After complaining publicly about the matter for several months, he filed his lawsuit with a handful of other attorneys. The lawsuit is still in its earliest stages and has not yet received class action status from the court.
To the surprise of many legal experts, Mr. Butterick’s lawsuit does not accuse Microsoft, GitHub, and OpenAI of copyright infringement. His lawsuit takes a different tack, arguing that the companies violated GitHub’s terms of service and privacy policy, while also violating a federal law that requires companies to display copyright information when using material.
Mr Butterick and another attorney behind the lawsuit, Joe Saveri, said the lawsuit could eventually address the copyright issue.
Asked if the company could discuss the lawsuit, a GitHub spokesperson declined, before saying in an emailed statement that the company “has been committed to responsible innovation with Copilot from the start and will continue to develop the product to help developers around the world.” to serve the world the best.” Microsoft and OpenAI declined to comment on the lawsuit.

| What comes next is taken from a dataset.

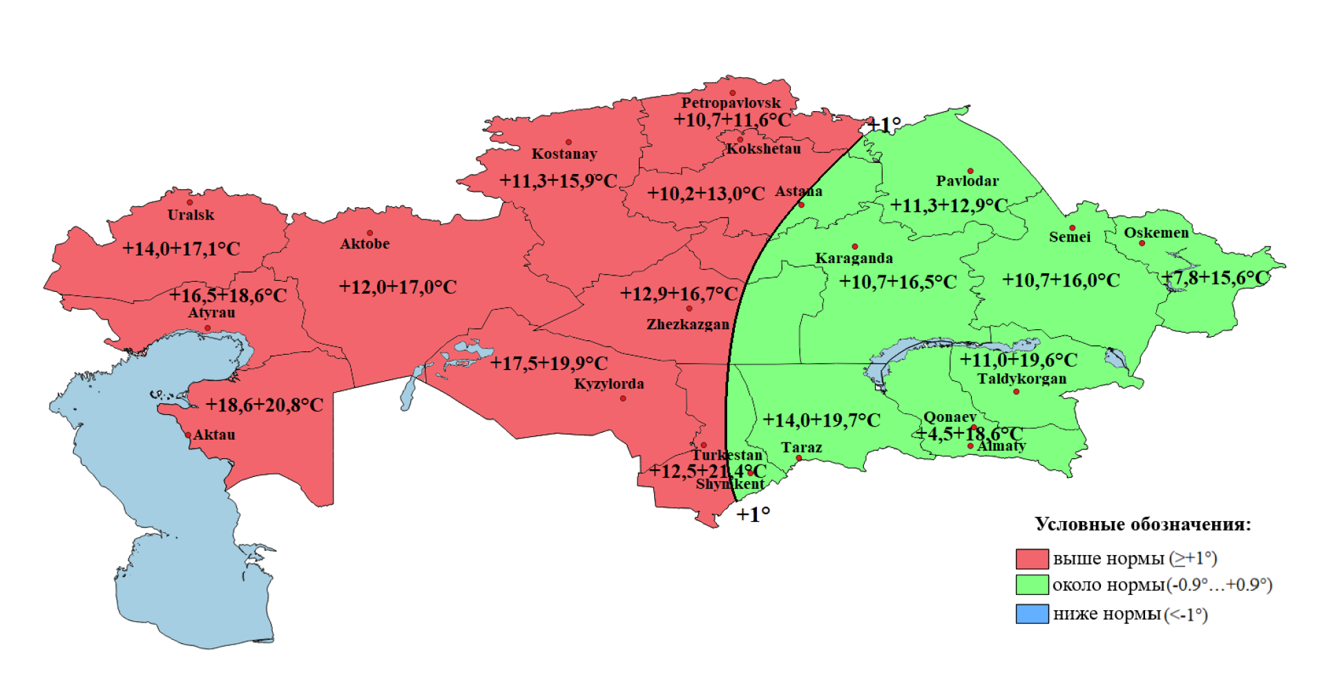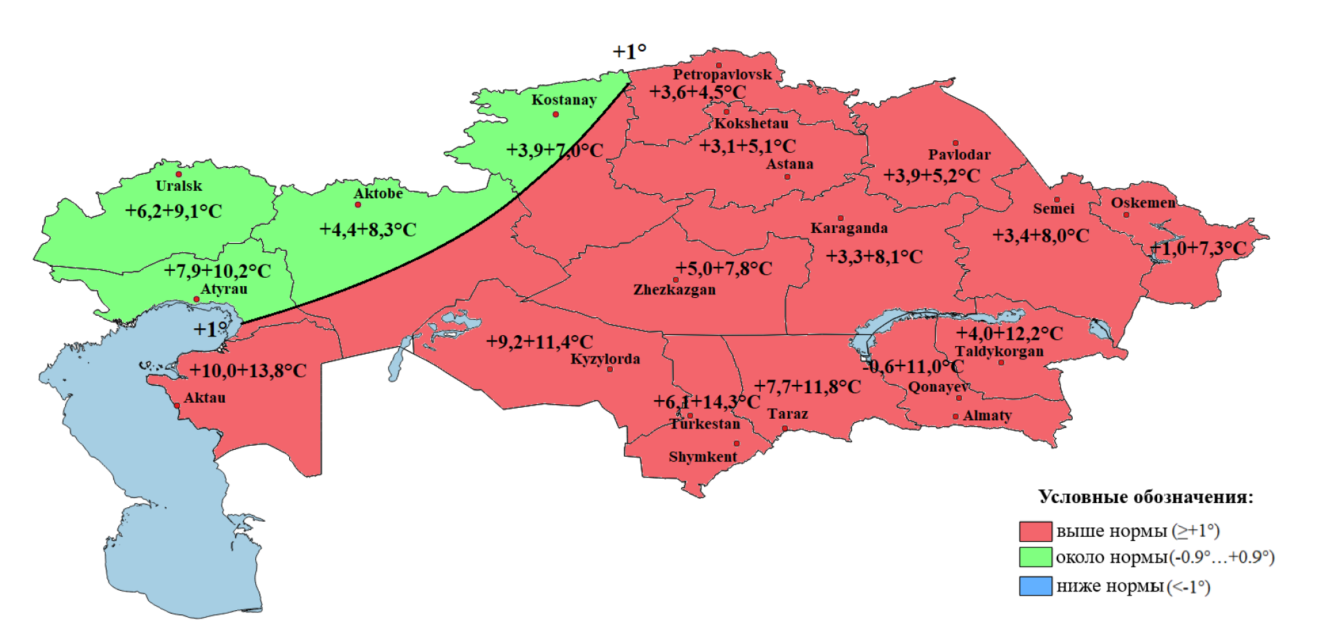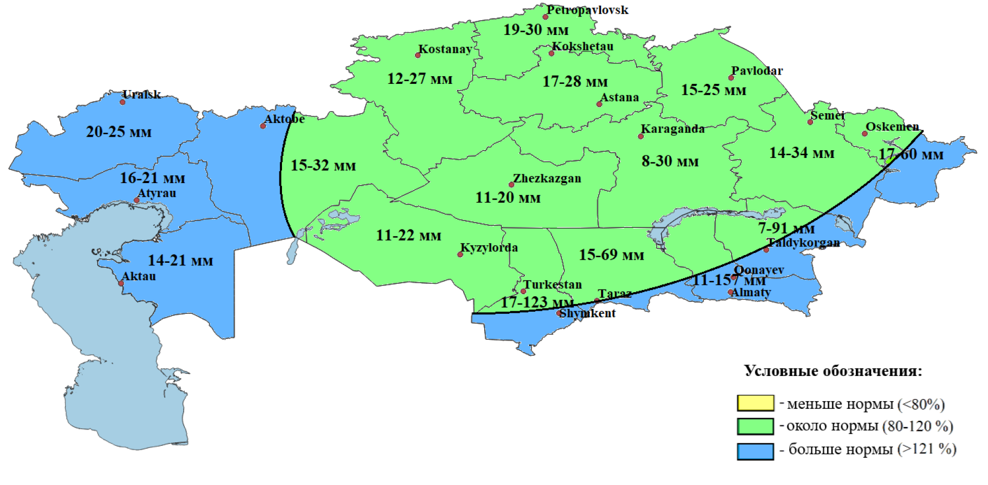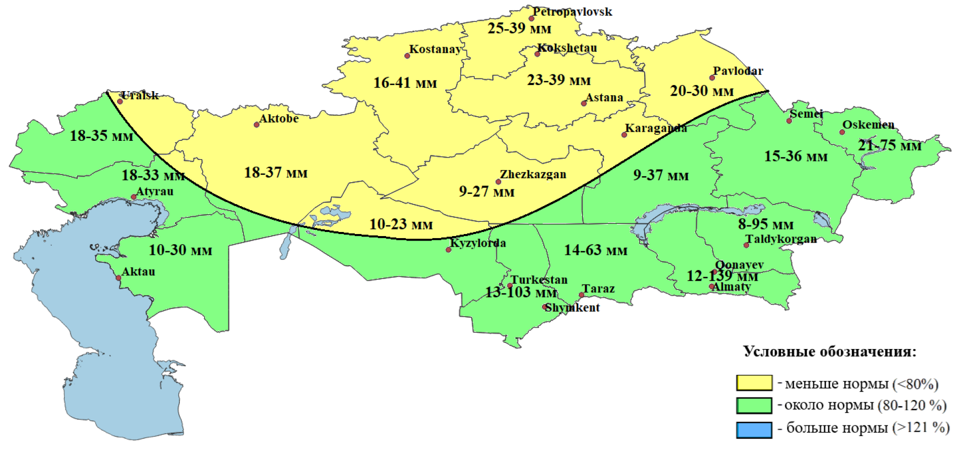 - Ниже нормы — в Мангистауской, Актюбинской, Кызылординской областях и частично в Атырауской и ряде центральных регионов.

Under existing law, most experts believe that training an AI system on copyrighted material is not necessarily illegal. But this could be if the system ends up producing material essentially similar to the data it was trained on.
Some Copilot users have said it generates code that appears identical – or nearly identical – to existing programs, an observation that could become the central part of Mr. Butterick and others.
Pam Samuelson, a professor at the University of California, Berkeley who specializes in intellectual property and its role in modern technology, said legal thinkers and regulators briefly explored these legal issues in the 1980s, before the technology existed. Now, she said, a legal review is needed.
“It’s not a toy problem anymore,” said Dr. Samuelson.